▸ DATA SUPPLIED:
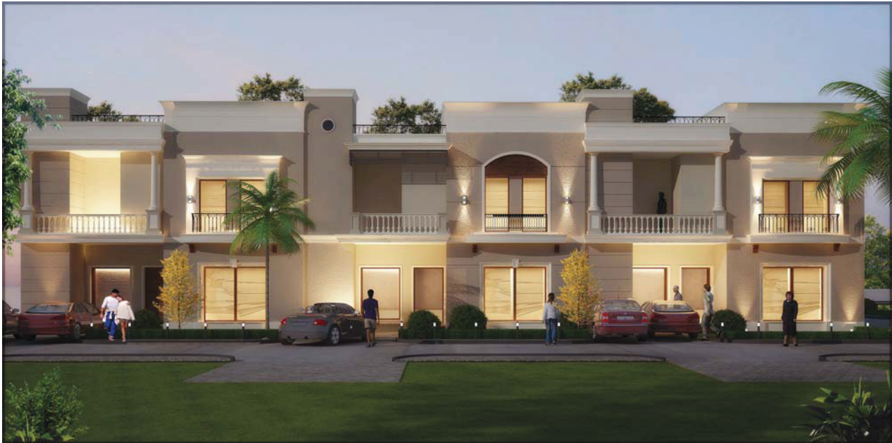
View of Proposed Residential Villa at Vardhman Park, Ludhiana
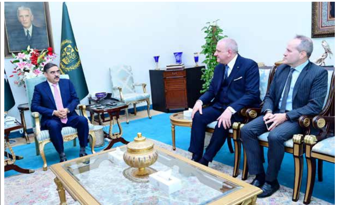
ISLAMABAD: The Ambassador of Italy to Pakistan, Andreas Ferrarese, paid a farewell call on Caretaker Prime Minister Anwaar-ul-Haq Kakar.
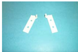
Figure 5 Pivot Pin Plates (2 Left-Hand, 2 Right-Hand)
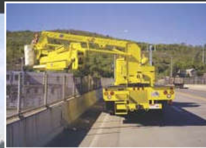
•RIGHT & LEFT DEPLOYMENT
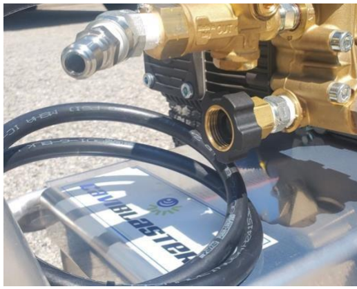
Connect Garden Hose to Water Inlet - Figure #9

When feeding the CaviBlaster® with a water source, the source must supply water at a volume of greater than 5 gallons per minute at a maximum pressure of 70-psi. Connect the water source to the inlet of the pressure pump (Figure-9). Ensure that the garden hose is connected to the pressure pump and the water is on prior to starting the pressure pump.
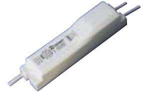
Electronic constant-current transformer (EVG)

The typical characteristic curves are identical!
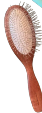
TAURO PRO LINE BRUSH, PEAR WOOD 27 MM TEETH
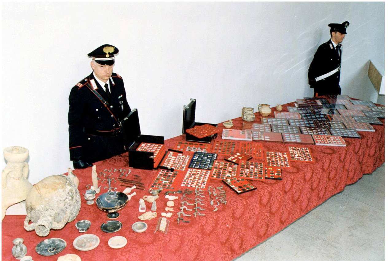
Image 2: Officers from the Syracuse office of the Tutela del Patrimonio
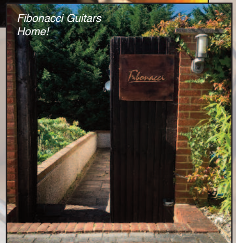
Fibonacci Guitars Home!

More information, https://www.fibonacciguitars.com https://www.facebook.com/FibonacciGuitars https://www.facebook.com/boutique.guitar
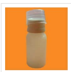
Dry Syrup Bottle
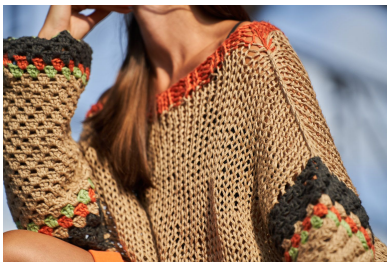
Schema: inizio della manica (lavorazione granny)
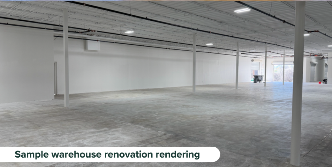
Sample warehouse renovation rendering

==

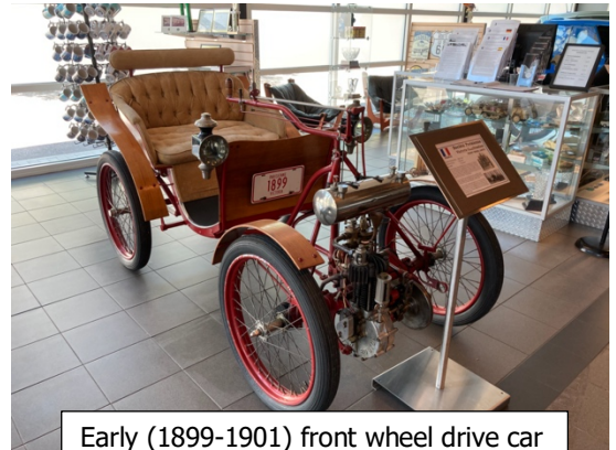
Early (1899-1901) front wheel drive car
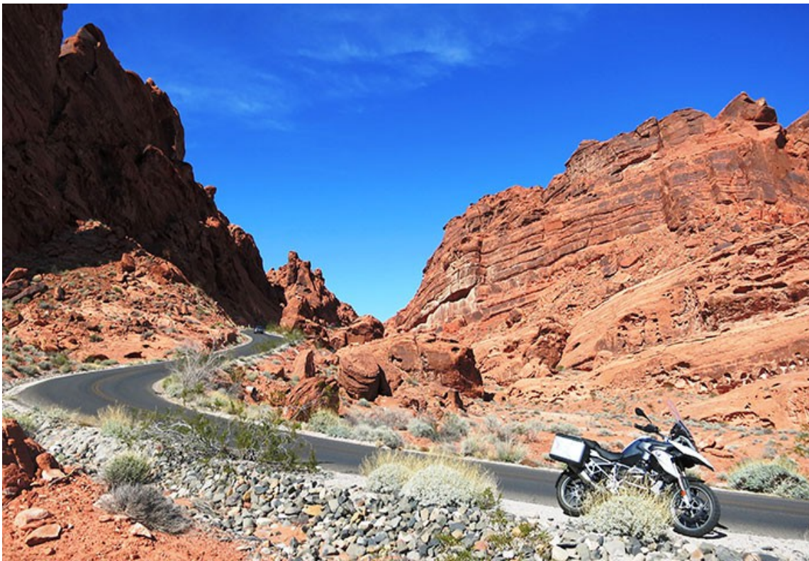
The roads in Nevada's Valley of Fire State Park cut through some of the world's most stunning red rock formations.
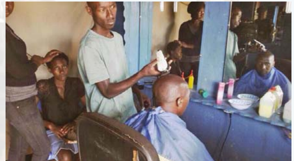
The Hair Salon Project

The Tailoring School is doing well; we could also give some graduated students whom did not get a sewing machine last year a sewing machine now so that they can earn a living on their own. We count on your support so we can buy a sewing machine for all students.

▸ ASSIGNED TASK:
Reproduce exactly, with no pictures, the lines above from the one holding "ISLAMABAD: The Ambassador" to the one holding "Sample warehouse renovation rendering", inclusive.

▸ REPLY TO THE EXERCISE:
ISLAMABAD: The Ambassador of Italy to Pakistan, Andreas Ferrarese, paid a farewell call on Caretaker Prime Minister Anwaar-ul-Haq Kakar.
Figure 5 Pivot Pin Plates (2 Left-Hand, 2 Right-Hand)
•RIGHT & LEFT DEPLOYMENT
Connect Garden Hose to Water Inlet - Figure #9

When feeding the CaviBlaster® with a water source, the source must supply water at a volume of greater than 5 gallons per minute at a maximum pressure of 70-psi. Connect the water source to the inlet of the pressure pump (Figure-9). Ensure that the garden hose is connected to the pressure pump and the water is on prior to starting the pressure pump.
Electronic constant-current transformer (EVG)

The typical characteristic curves are identical!
TAURO PRO LINE BRUSH, PEAR WOOD 27 MM TEETH
Image 2: Officers from the Syracuse office of the Tutela del Patrimonio
Fibonacci Guitars Home!

More information, https://www.fibonacciguitars.com https://www.facebook.com/FibonacciGuitars https://www.facebook.com/boutique.guitar
Dry Syrup Bottle
Schema: inizio della manica (lavorazione granny)
Sample warehouse renovation rendering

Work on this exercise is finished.